3.2. Baseline characteristics

Table 1 shows the baseline characteristics of the study participants classified according to alkaline phosphatase quartiles. The mean age of the participants was 49.4 ± 17.7 years, of which 8,669 (49.6%) were male. The prevalence of depression was 9.3% (1,631/17,485) with a mean baseline ALP of 65.0 (53.0, 79.0). Participants with higher ALP levels were more likely to be older, less educated, and obese, and in addition, may have higher WBC, total cholesterol, TG, and concomitant diseases such as depression, hypertension, and diabetes. However, participants with higher ALP may have lower PIR and ALB levels. Interestingly, the higher the ALP, the higher the likelihood of smoking and, conversely, the lower the likelihood of drinking alcohol.

Table 1.

Characteristics of the study participants by baseline serum alkaline phosphatase quartiles.
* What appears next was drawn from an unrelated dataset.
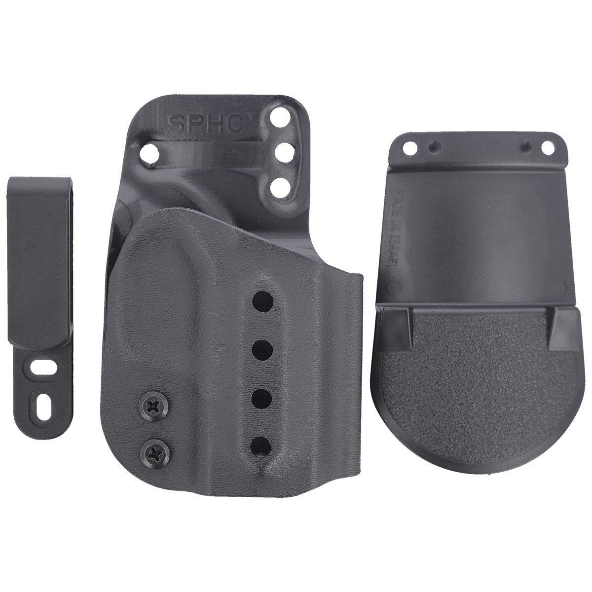 - SPHC holster OWB (Outside the Waist Band) or holster IWB (Inside the Waist Band) as needed. For concealed carry (IWB) attached from the inside of pants to the belt. An adjustable retention screw for customizing holster tension. For Springfield Hellcat 9mm

Covariates Total (n = 17,485) Quartile 1 Quartile 2 Quartile 3 Quartile 4 P
≤ 52 U/L 53 ~ 64 U/L 65 ~ 78 U/L ≥ 79 U/L
Age (years) 49.4 ± 17.7 46.0 ± 17.8 48.9 ± 17.6 49.7 ± 17.7 52.5 ± 17.0 <0.001
Gender <0.001
Female 8,816 (50.4) 2,210 (54.1) 2,095 (47.3) 2,121 (48.5) 2,390 (51.9)
Male 8,669 (49.6) 1,874 (45.9) 2,332 (52.7) 2,252 (51.5) 2,211 (48.1)
Education level <0.001
Did not graduate from high school 4,255 (24.3) 684 (16.7) 978 (22.1) 1,136 (26) 1,457 (31.7)
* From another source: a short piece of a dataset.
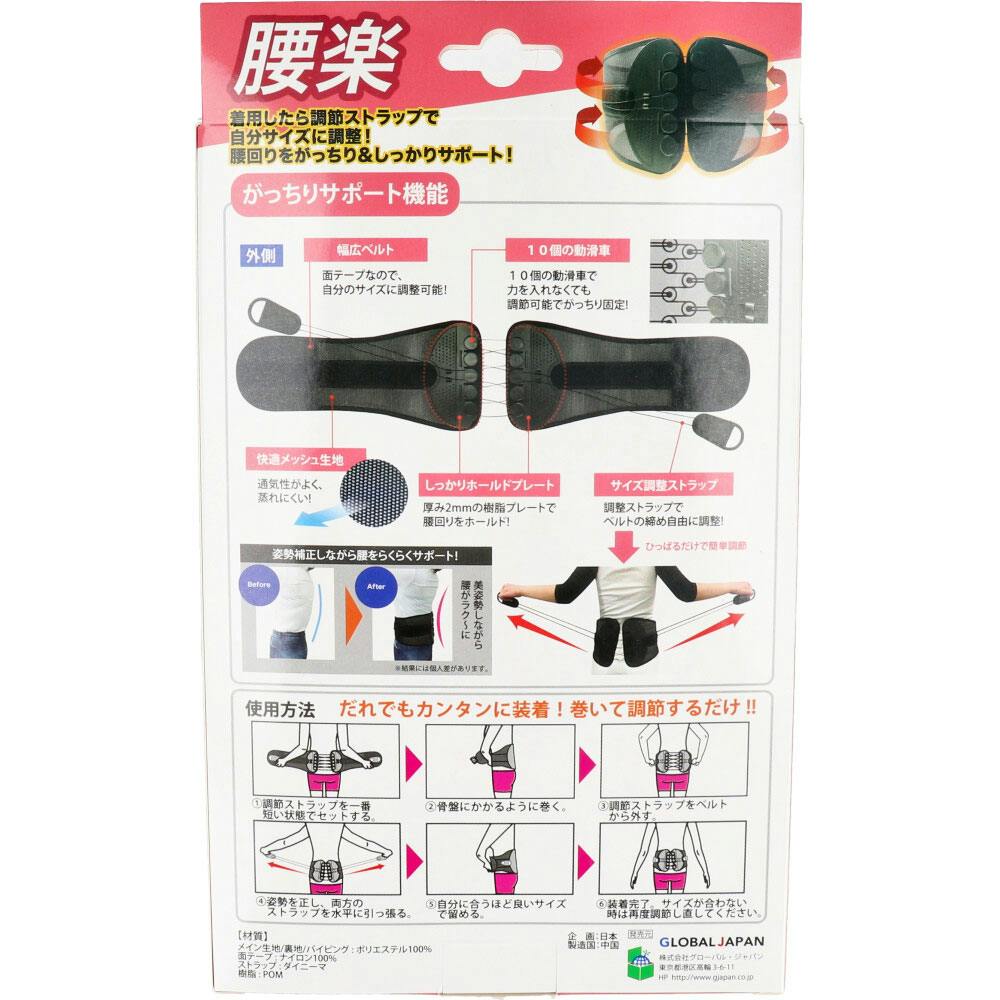 腰回りをがっちり&しっかりサポート!腰楽!着用したら調節ストラップで自分サイズに調整!●幅広ベルト:面テープなので自分サイズに調整可能。●10個の動滑車:力を入れなくても調節可能でがっちり固定。●快適メッシュ生地:通気性がよく蒸れにくい。●しっかりホールドプレート:厚み2mmの樹脂プレートで腰回りをホールド。●サイズ調整ストラップ:ベルトの閉め自由に調整。●姿勢補正:美姿勢しながら腰をらくらくサポート。

Graduated from high school 3,988 (22.8) 825 (20.2) 1,012 (22.9) 1,030 (23.6) 1,121 (24.4)
College education or above 9,242 (52.9) 2,575 (63.1) 2,437 (55) 2,207 (50.5) 2,023 (44)
Race/ethnicity <0.001
Mexican American 2,518 (14.4) 335 (8.2) 573 (12.9) 666 (15.2) 944 (20.5)
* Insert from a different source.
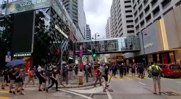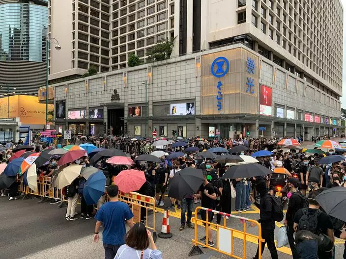 示威者佔據海港城外廣東道。
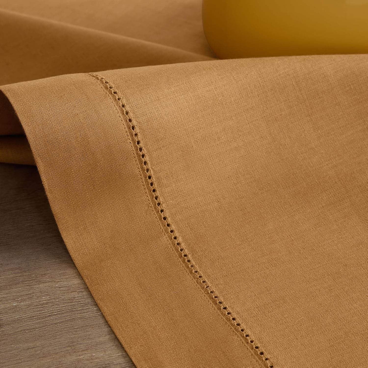 Solino Home Brown Sugar Linen Tablecloth 60 x 90 Inch - Classic Hemstitch, 100% Pure Linen Rectangular Tablecloth - Machine Washable Table Cloth for Fall, Autumn, Thanksgiving

Other Hispanic 1,674 (9.6) 296 (7.2) 381 (8.6) 440 (10.1) 557 (12.1)
Non-Hispanic white 8,217 (47.0) 2,155 (52.8) 2,125 (48) 2,071 (47.4) 1,866 (40.6)
Non-Hispanic black 3,477 (19.9) 782 (19.1) 871 (19.7) 848 (19.4) 976 (21.2)
Other races 1,599 (9.1) 516 (12.6) 477 (10.8) 348 (8) 258 (5.6)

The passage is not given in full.